■ Goal of the exercise: Skip the pictures. Transcribe exactly the lines from the line containing "Adaptador Trust dalyx" to the end of the listing.

##### Given data

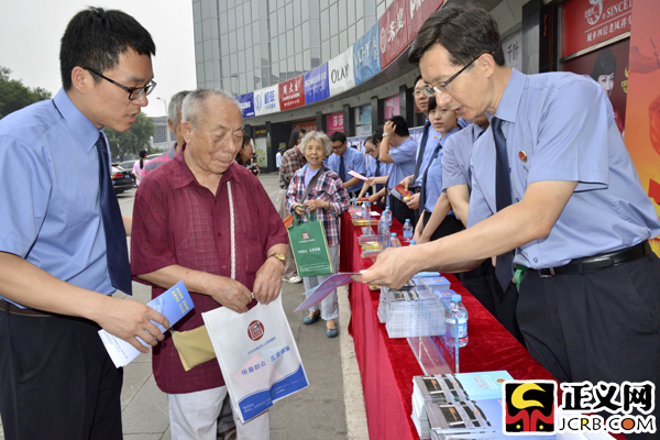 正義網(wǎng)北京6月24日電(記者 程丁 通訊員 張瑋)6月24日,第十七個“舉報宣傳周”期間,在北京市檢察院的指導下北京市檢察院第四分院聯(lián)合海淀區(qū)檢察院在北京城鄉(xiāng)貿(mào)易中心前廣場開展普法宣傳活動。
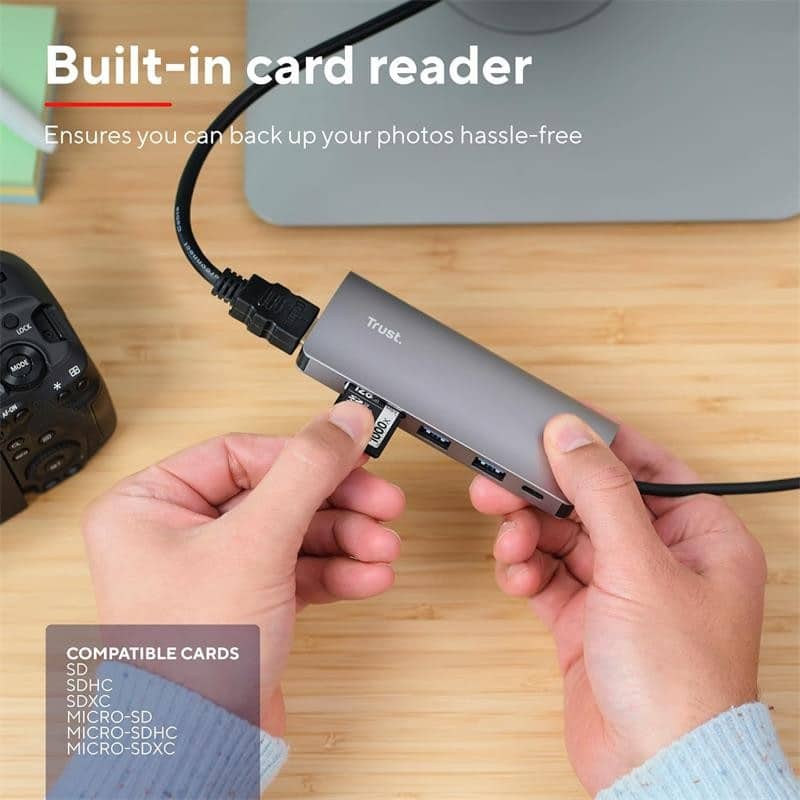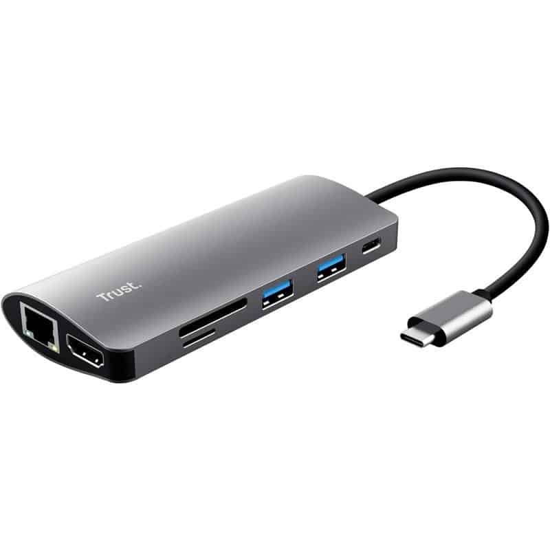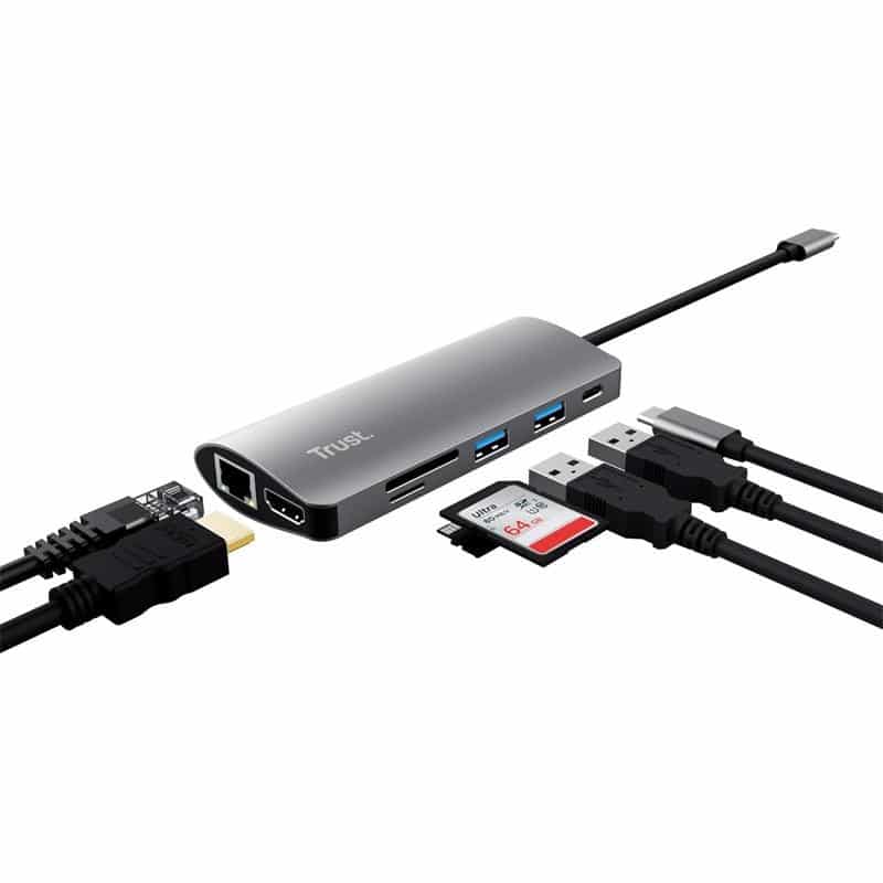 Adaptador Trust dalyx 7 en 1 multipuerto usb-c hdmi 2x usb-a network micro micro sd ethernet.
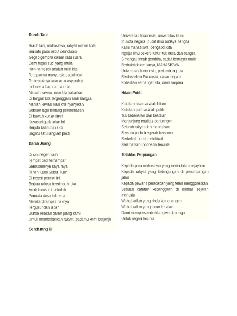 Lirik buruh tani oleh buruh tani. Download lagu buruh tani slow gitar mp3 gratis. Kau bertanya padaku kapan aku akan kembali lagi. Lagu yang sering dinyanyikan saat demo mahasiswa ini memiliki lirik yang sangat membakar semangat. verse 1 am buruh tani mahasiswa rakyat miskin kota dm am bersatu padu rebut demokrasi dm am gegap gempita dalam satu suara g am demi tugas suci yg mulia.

##########

■ Solution:
 Adaptador Trust dalyx 7 en 1 multipuerto usb-c hdmi 2x usb-a network micro micro sd ethernet.
 Lirik buruh tani oleh buruh tani. Download lagu buruh tani slow gitar mp3 gratis. Kau bertanya padaku kapan aku akan kembali lagi. Lagu yang sering dinyanyikan saat demo mahasiswa ini memiliki lirik yang sangat membakar semangat. verse 1 am buruh tani mahasiswa rakyat miskin kota dm am bersatu padu rebut demokrasi dm am gegap gempita dalam satu suara g am demi tugas suci yg mulia.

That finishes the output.